Kotschi J,  Schrimpf B,  Waters-Bayer A,  Horneburg B. Financing Open-Source Organic Plant Breeding. Encyclopedia. Available at: Accessed December 10, 2023.
Kotschi, Johannes, Berthold Schrimpf, Ann Waters-Bayer, Bernd Horneburg. "Financing Open-Source Organic Plant Breeding" Encyclopedia, (accessed December 10, 2023).
Kotschi, J.,  Schrimpf, B.,  Waters-Bayer, A., & Horneburg, B.(2022, November 28). Financing Open-Source Organic Plant Breeding. In Encyclopedia.
Kotschi, Johannes, et al. "Financing Open-Source Organic Plant Breeding." Encyclopedia. Web. 28 November, 2022.
Financing Open-Source Organic Plant Breeding

Organic seed is vital for organic agriculture. However, lack of financial resources constrains organic plant breeding. Using an open-source approach that recognises seed as a common good offers new funding strategies.

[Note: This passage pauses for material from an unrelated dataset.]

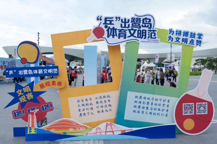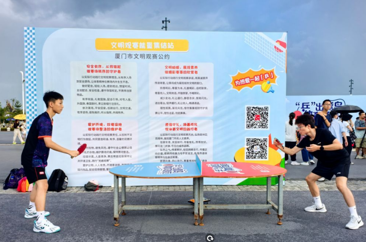 活動(dòng)現(xiàn)場(chǎng),主辦方巧妙將《廈門(mén)市文明觀賽公約》融入互動(dòng)體驗(yàn)中,設(shè)計(jì)了“彈入文明觀賽杯”“為熱愛(ài)一起乒”等趣味環(huán)節(jié),將“垃圾隨手清理”“適時(shí)喝彩”等觀賽禮儀自然融入游戲互動(dòng),讓市民在歡樂(lè)氛圍中領(lǐng)悟文明觀賽精髓。融合閩南紅墻元素與乒乓主題的特色打卡墻,也成為觀眾爭(zhēng)相合影的熱門(mén)景點(diǎn)。

seed commons open source organic plant breeding organic seed

1. Introduction

For many consumers today, organic food is commonplace. In the European Union (EU), organic food can be obtained from specialist retailers, discounters, and the fast-growing movement of community-supported agriculture (CSA). The organic food market is expanding rapidly. With the growth of organic farming, the demand for suitable organic seed and vegetative propagation material is also growing. A wide range of locally adapted crop species and cultivars is needed to use the potential of organic farming in diverse areas fully. Genetic diversity is key for adaptation to changing environmental conditions. Thus far, much of the seed and vegetative propagation material used in organic farming are grown organically but not bred organically. Thus, they may lack specific traits relevant to organic cultivars.
A shortage of funds for organic plant breeding appears to be the main constraint to increasing organic breeders’ efforts to satisfy the demand for organically bred cultivars. Plant breeders, farmers and other actors in the organic food supply chain are increasingly asking why funding is insufficient and how this problem can be solved. 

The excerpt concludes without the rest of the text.